Happy New Year, New Decade, Valentine's Day, Lunar New Year,* and President's Day Eve.** I hope this finds you all well. It's been a little while.

New Year thoughts are things that I get around to eventually. Perhaps I wanted to dip a toe into the fresh year — wait for two New Year's to arrive — before easing into it. The water over here seems fine, and I suppose it's time to get wet.

Going forward usually triggers looking back. Networks love to soften their shows the days up to the ball dropping in Times Square with a string of tape capturing the highlights of the year (a major celebrity death, a shot of soldiers and an explosion, an unknown birth). My wife and I love montages,*** too, so here's a little one from me to you.

First, the blog: Looking over the past year of posts, here are the ones I don't mind recommending:
Here are a few of my favorite 2009/Year of the Water Buffalo things:
  • The photos my wife takes. Most of the headers and pics that appear on this site come from her, such as:



Many of the best she takes flout my No Faces Rule, which means you'll just have to trust me. And then there's:
  • The sound of my son reading.
  • Q, excited, the day of her gymnastic lessons, and how hard she works to be better.
There is more than this, of course; we always forget more than we remember. But the more I thought about it, about what I found myself drawn to in the year that's just passed, I lingered not on moments but on changes. My son reads now, and he will more or less forever; the world is now a named place for him. Q has found what passion and strength can do for her, and in so doing has found an exemplar of self-perfection that will remain with her long after she's stepped down from the beam and let loose of the bar. And my lovely wife will (among a vast many other things) continue to see us for us better than we can on our own.

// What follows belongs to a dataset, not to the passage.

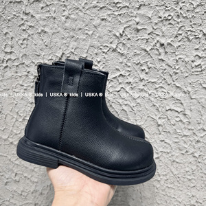 宝宝马丁靴秋冬季新款儿童真皮单靴女童小童软底加绒短靴男童鞋子
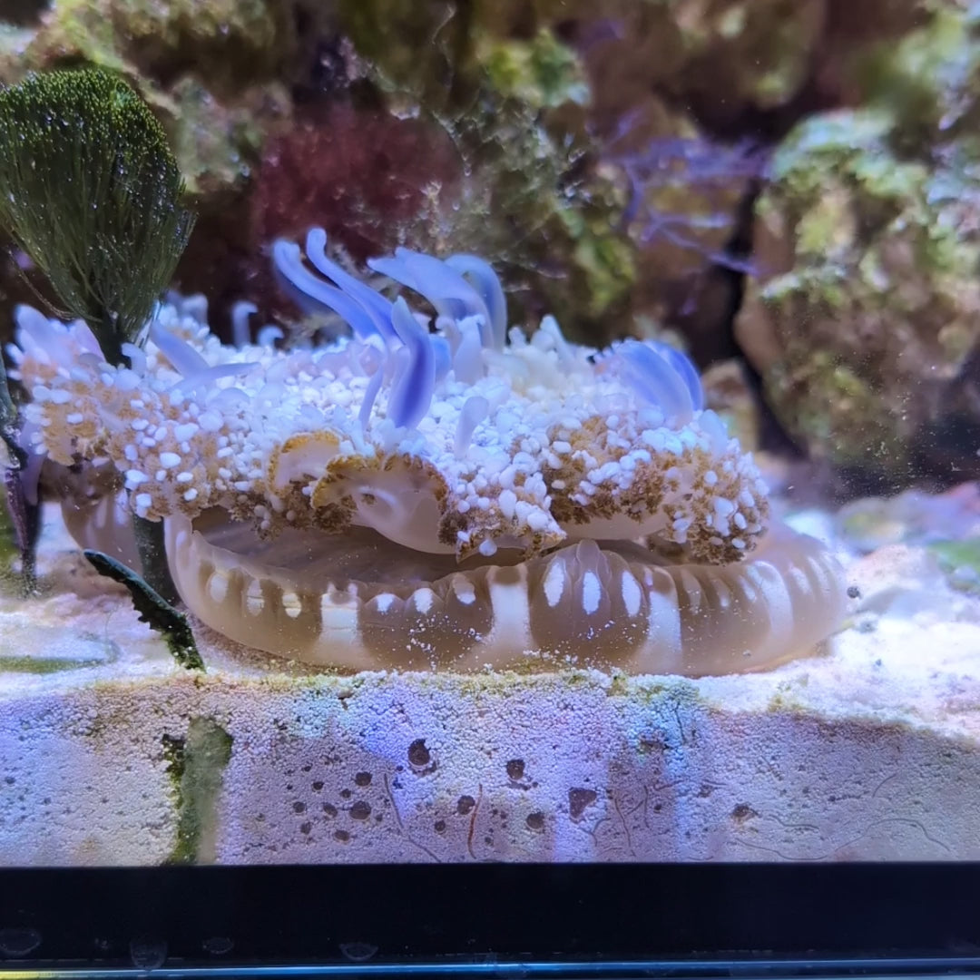 Upside down jellyfish must be kept in a low flow environment with no fish or invertebrates that will pick at or damage them. They eat plankton and small particle foods, and also photosynthesize. They do great in macro algae tanks!

But perhaps the change I've enjoyed most of all is the one that can't last. The job and career shifts I've had this year have given me two full days a week with Q and The Boy. I've hatched schemes with dolls and made cookies in the afternoon. I've built LEGO ships and lobbed balls when I would have been dead on the train. Eventually, however, there will be new and more work (there already is), more school, more after school.

This I will take as a moment and remember it just as it is.

Happy New Everything, all.

_______________________
*And DO NOT CALL IT CHINESE NEW YEAR. We will correct you—in school, at work, even in the elevator.
**Okay, so that's not a real thing. But you do have to admit that these few days is quite the convergence of holidays.
***Perhaps it was all of those 80's films during our formative years. Kids these days are, I think, undernourished montage-wise. Have they seen this? HAVE THEY?